Rest is something we earn. This sounds foreign to American ears. We are used to the “standard” of a forty-hour work week. But forty hours of labor over a seven day period—as enough to get ahead–is distinctly Western and recent. Our grandparents didn’t think like this.
I’ve heard it said that if you’re only working forty hours a week, it’s not likely you’ll get ahead–certainly not as far ahead as your dreams, goals, and ambitions.
Even God worked six days out of seven when He created the cosmos. He wasn’t done on Friday afternoon at 5:00.
I have family members who are doctors, attorneys, investment bankers, hedge fund managers, Federal officials, and much more. They’ve all gotten where they’re at the old-fashioned way: They worked their tails off. Nobody handed any of them anything.
Here are just a few benefits that will return to you with greater effort and longer hours, as you create a life:
- You will certainly grow in your chosen fields of vocation and avocation.
- Your sense of accomplishment will increase as you tackle and master more skills and meet goals.
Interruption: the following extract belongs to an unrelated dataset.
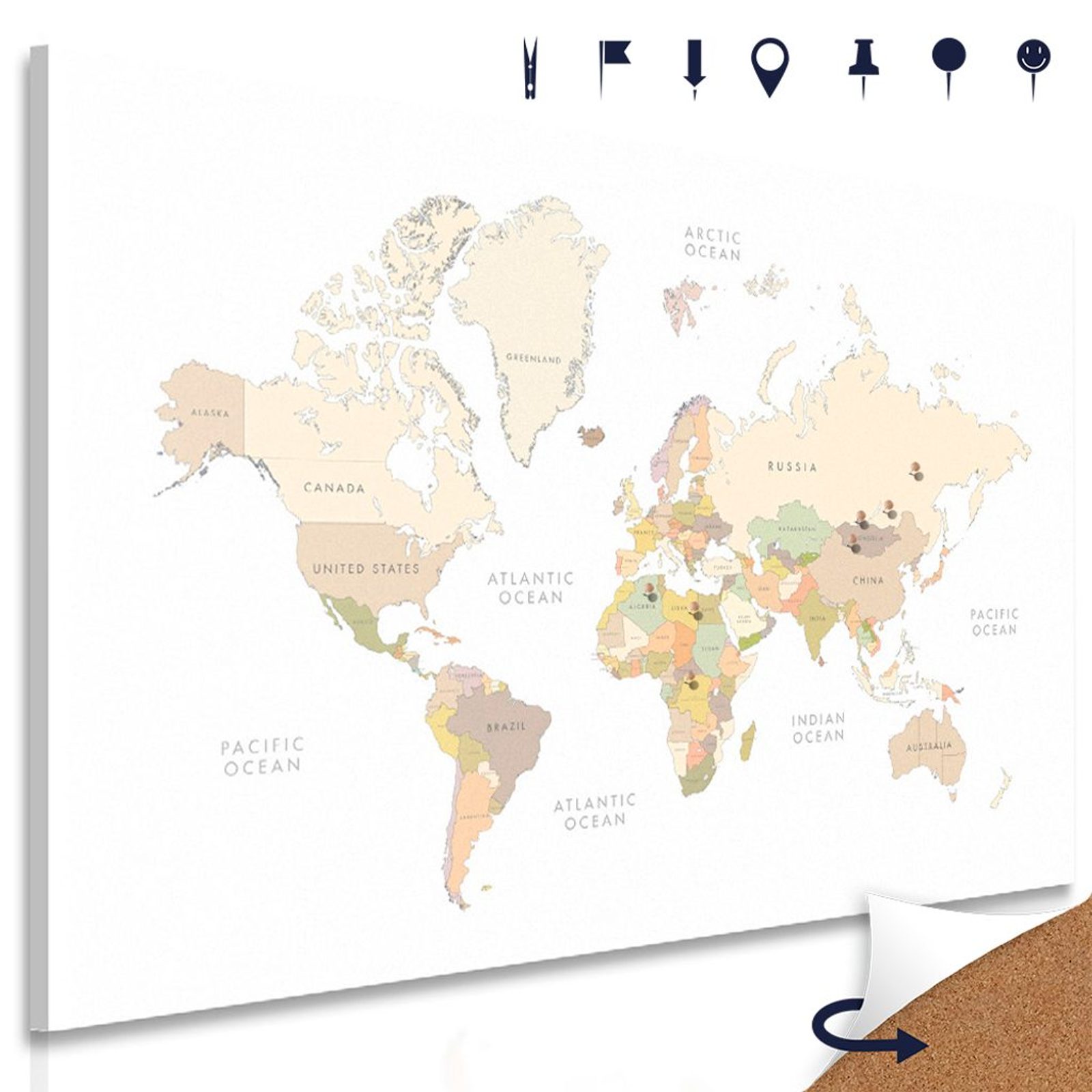 USP előnyök térképek parafán A kép tartalmaz 10 db gombostűt az ön választása szerint, Könnyű telepítés, Egészen 3 mm vastag parafa tábla, Változatos termékfelhasználás – ajándékként is alkalmas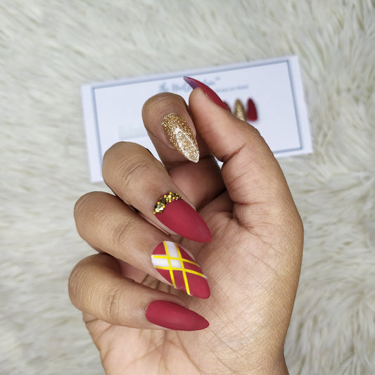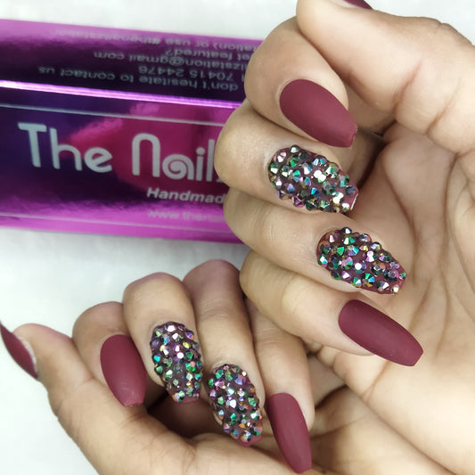 Matte Maroon Glitter Studded Press on Fake Nails // tns133

- You will run far ahead of the pack simply because many, if not most, are content to put their expected time in, satisfied with “working their forty hours.”
- Your earning potential will undoubtedly increase, especially if the extra effort is focused and you strive for greater levels of excellence at all to which you put your hands to.
This isn’t a paean of praise to workaholism, far from it. But in a culture that lives for the weekend, for partying, for good times and leisure, one tends to get an unrealistic picture of what it takes to win at life and realize your full potential. It’s simply a matter of adjusting your perspective to accord with reality.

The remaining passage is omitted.